### ABOUT THIS TASK
Please transcribe exactly the line that holds "Erleben Sie eine" and all lines that follow it to the end of the records below, omitting any pictures.

### DATA RECORDS
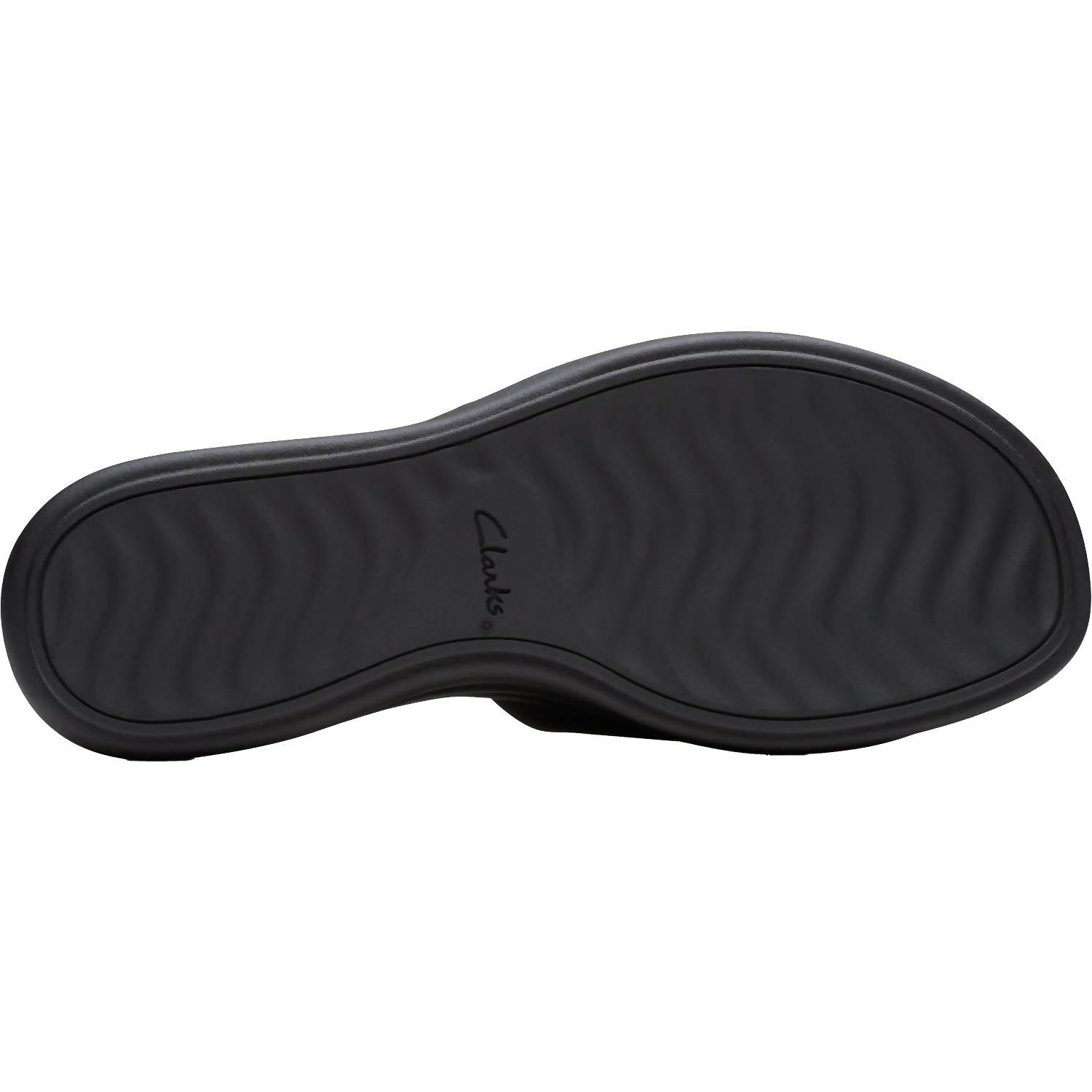 When fashion and function come together seamlessly. Step into style with the Women's Clarks Drift Twist Sandals in sleek black, perfect for your summer outings. Crafted from a soft synthetic upper, these sandals feature an open toe and a low wedge heel for a chic minimalist look. Designed with a super-soft EVA footbed and a lightweight EVA midsole, they provide day-long comfort, while the durable TR outsole ensures grip and stability. Ideal for casual occasions or a day at church, these sandals are a versatile addition to any wardrobe. Heel height: 1.78".
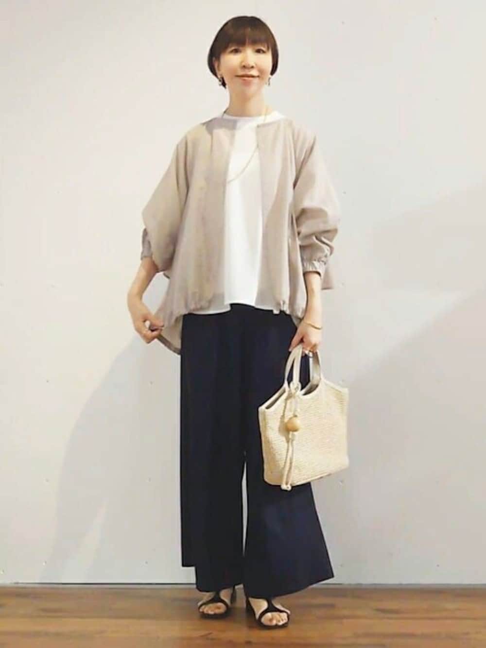 少しハリ感のある素材のブルゾンなので、ボトムスには柔らかく落ち感のある生地が好相性です! キレイめコーディネートに便利なアイテムです。 【ブルゾン】 軽やかで暖かめな日の軽い羽織りにピッタリです。 ドルマンスリーブなので中に着るものを選ばず、シワもあまり気にせず着られる素材感です。 甘すぎず、大人にも着やすいデザインですよ! 【パンツ】1サイズ着用 微光沢の生地感なので、キレイめなスタイリングにもピッタリです! ストンと落ち感があり、ウエストリブパンツの中でもすっきり見えるシリーズ。 ウエストは柔らかいゴムになっており、ストレスフリーな履き心地。 164cmでくるぶしくらいのすっきりした着丈になります。 【スカート】1サイズ着用 生地が柔らかくスルンと落ち感があり、とにかく華奢見えするデザインです。 シーズンレスで活用できるスカートですよ。 お腹周り〜ヒップのラインも拾いにくいです。 歩いたときの裾の動きがエレガントな雰囲気。 アイボリーは裏地付きなので透ける心配ないですよ。 【バッグ】 夏に必要な持ち物がしっかり入りました! ペットボトル、日傘、貴重品、カーディガンetc… 実用性に加え軽いのも魅力です。 コーディネートに抜け感が出せて、カゴよりナチュラルになりすぎないところもアラフィフ世代におすすめポイント。に抜け感が出せて黒も重く見えないです。
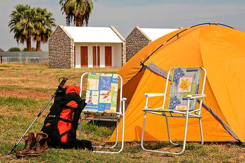 Erleben Sie eine tiefe Verbundenheit mit der Natur, wenn Sie Ihr Lager auf einem der acht Stellplätze unter Palmen aufschlagen. Jeder Zeltplatz ist mit einem Grillplatz, Steckdosen und elektrischer Beleuchtung ausgestattet. Saubere Sanitäranlagen bieten willkommene Erfrischung nach den Abenteuern in der Kalahari.
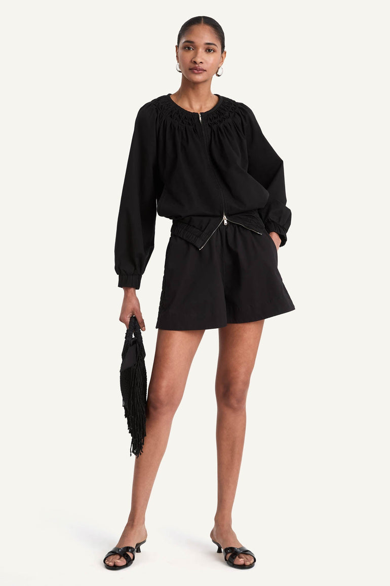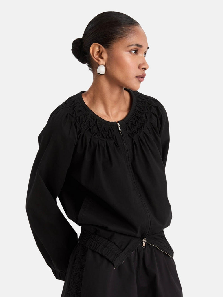 The CORLETT Jacket delivers a fresh spin on the classic bomber silhouette, combining a utilitarian twill fabrication with elegant detailing. Crafted from a soft yet durable cotton-spandex blend, the versatile full-length jacket features a striking hand-smocked neckline that lends a textural focal point. Long sleeves and a two-way metal zipper offer ease of movement while elasticated cuffs and a waistband provide a comfortable, secure fit. The piece is fully lined in luxurious cupro satin and includes handy pockets for a touch of practicality. A unique yet timeless layer, this CORLETT Jacket effortlessly transitions from casual to elevated ensembles when paired with leggings, denim, or matching shorts.
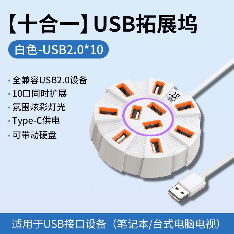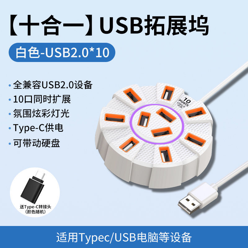 • 흰색 [10-in-1] 원형 + Type-C 어댑터-0.6m

### WRITTEN RESPONSE
 Erleben Sie eine tiefe Verbundenheit mit der Natur, wenn Sie Ihr Lager auf einem der acht Stellplätze unter Palmen aufschlagen. Jeder Zeltplatz ist mit einem Grillplatz, Steckdosen und elektrischer Beleuchtung ausgestattet. Saubere Sanitäranlagen bieten willkommene Erfrischung nach den Abenteuern in der Kalahari.
 The CORLETT Jacket delivers a fresh spin on the classic bomber silhouette, combining a utilitarian twill fabrication with elegant detailing. Crafted from a soft yet durable cotton-spandex blend, the versatile full-length jacket features a striking hand-smocked neckline that lends a textural focal point. Long sleeves and a two-way metal zipper offer ease of movement while elasticated cuffs and a waistband provide a comfortable, secure fit. The piece is fully lined in luxurious cupro satin and includes handy pockets for a touch of practicality. A unique yet timeless layer, this CORLETT Jacket effortlessly transitions from casual to elevated ensembles when paired with leggings, denim, or matching shorts.
 • 흰색 [10-in-1] 원형 + Type-C 어댑터-0.6m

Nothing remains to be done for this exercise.